**Task objective**
The answer must give back every line of the data exactly, with no pictures.

**Given material**

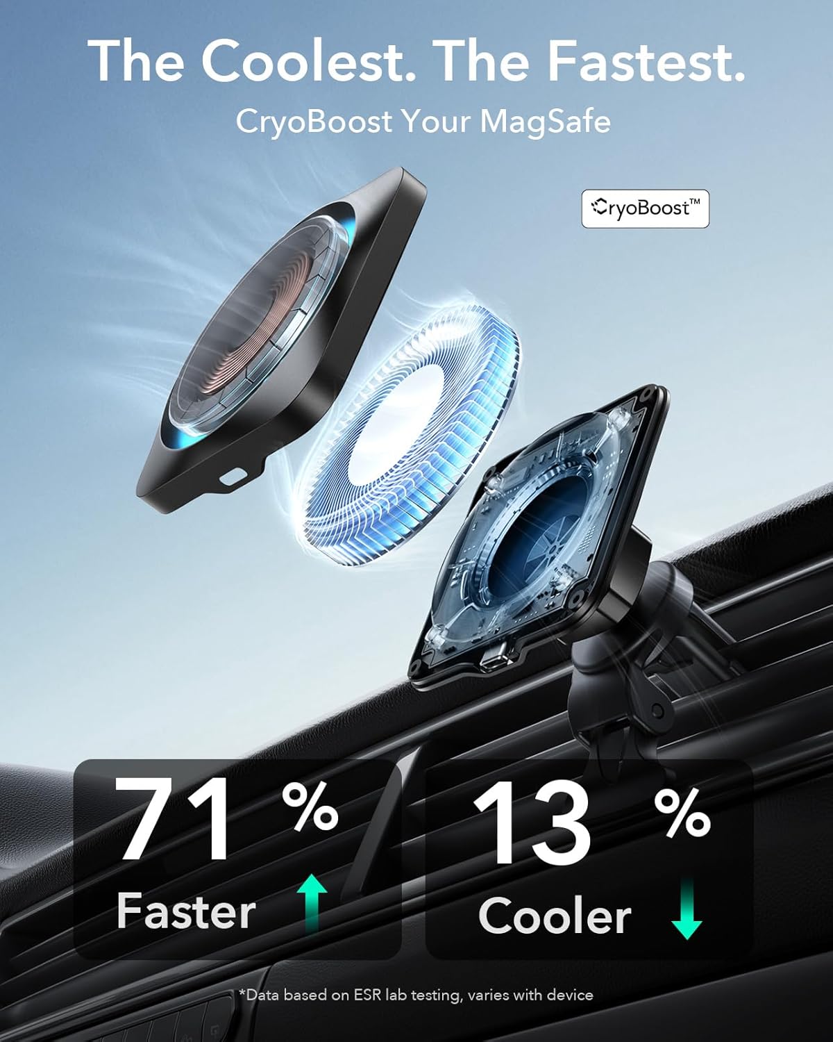【Phone Cooling】 ESR for 15W MagSafe Car Mount Charger with CryoBoost, MagSafe Car Charger, Air Vent/Dashboard Car Phone Holder for iPhone Air/17/16/15/14/13/12 Pro Max, S25, Pixel 10
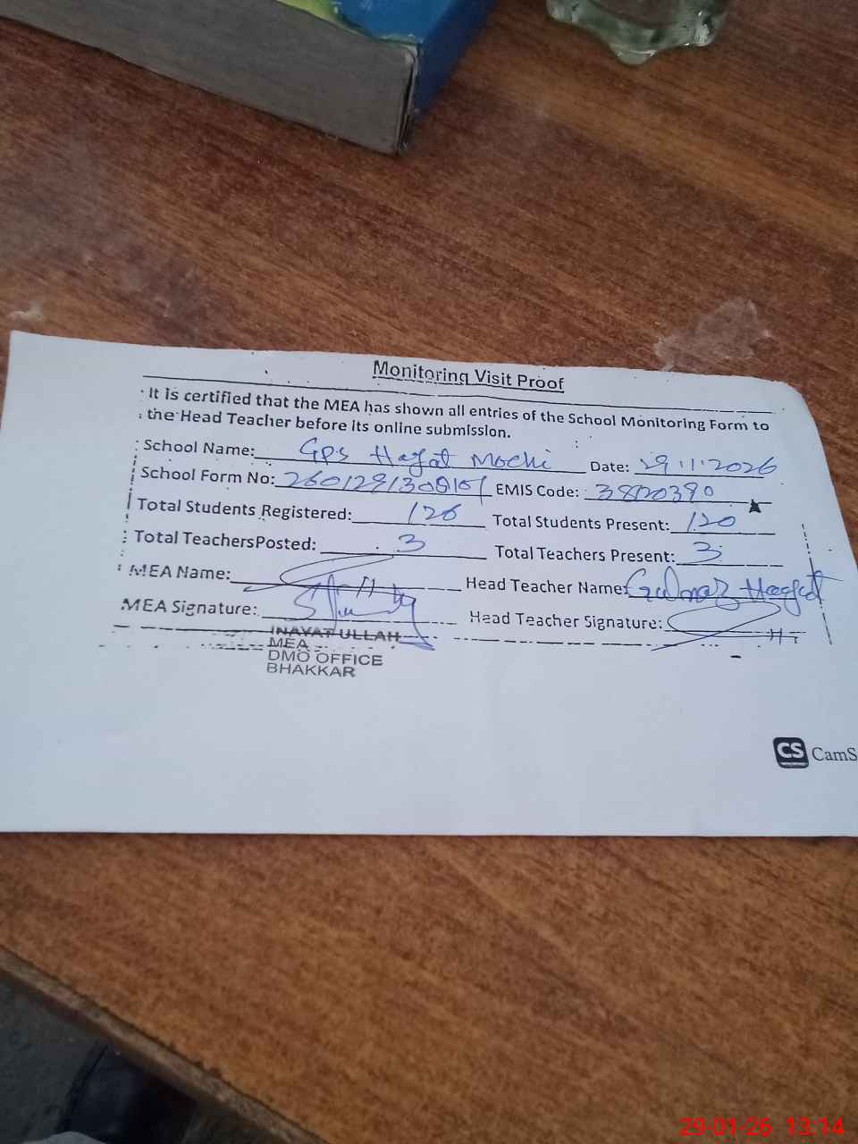 | Attendance Register | Head Teacher | MEA with School | Visit Proof |
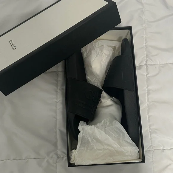 Step into comfort and style with the Black Logo Slide. Perfect for casual outings, these slides feature a sleek black design with the iconic logo. Ideal for those who appreciate luxury and simplicity.Size 39 and I normally wear a US 8
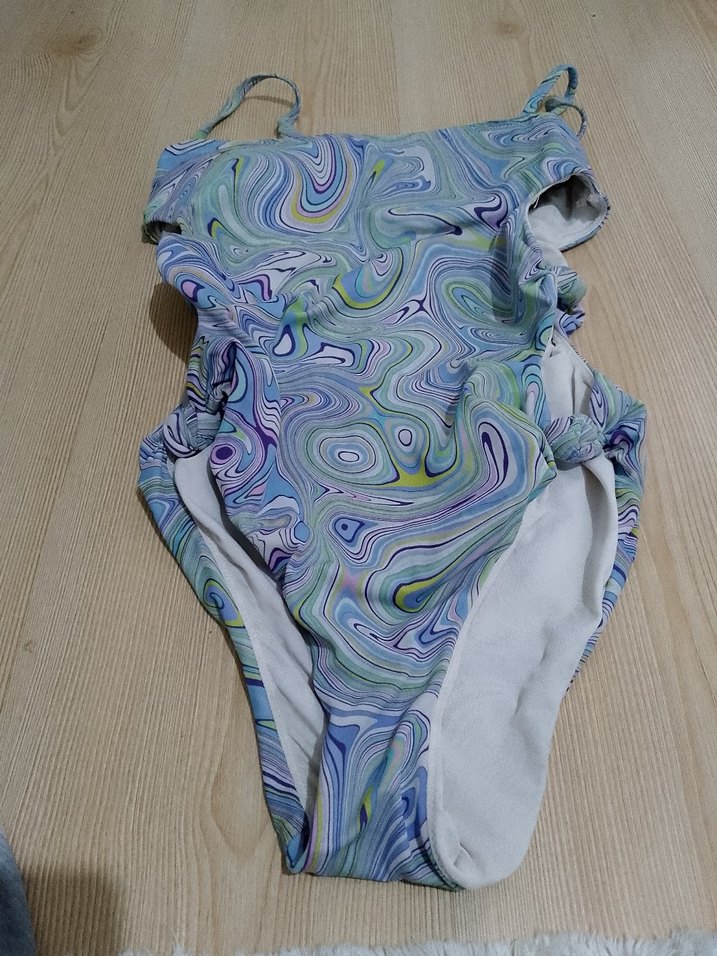 Pastel tie-dye desenli, drapeli, uzun kesim ve kolsuz kadın mayo. Bohem ve avant-garde tarzıyla plajda şık bir seçenek sunar.

**Your solution**
【Phone Cooling】 ESR for 15W MagSafe Car Mount Charger with CryoBoost, MagSafe Car Charger, Air Vent/Dashboard Car Phone Holder for iPhone Air/17/16/15/14/13/12 Pro Max, S25, Pixel 10
 | Attendance Register | Head Teacher | MEA with School | Visit Proof |
 Step into comfort and style with the Black Logo Slide. Perfect for casual outings, these slides feature a sleek black design with the iconic logo. Ideal for those who appreciate luxury and simplicity.Size 39 and I normally wear a US 8
 Pastel tie-dye desenli, drapeli, uzun kesim ve kolsuz kadın mayo. Bohem ve avant-garde tarzıyla plajda şık bir seçenek sunar.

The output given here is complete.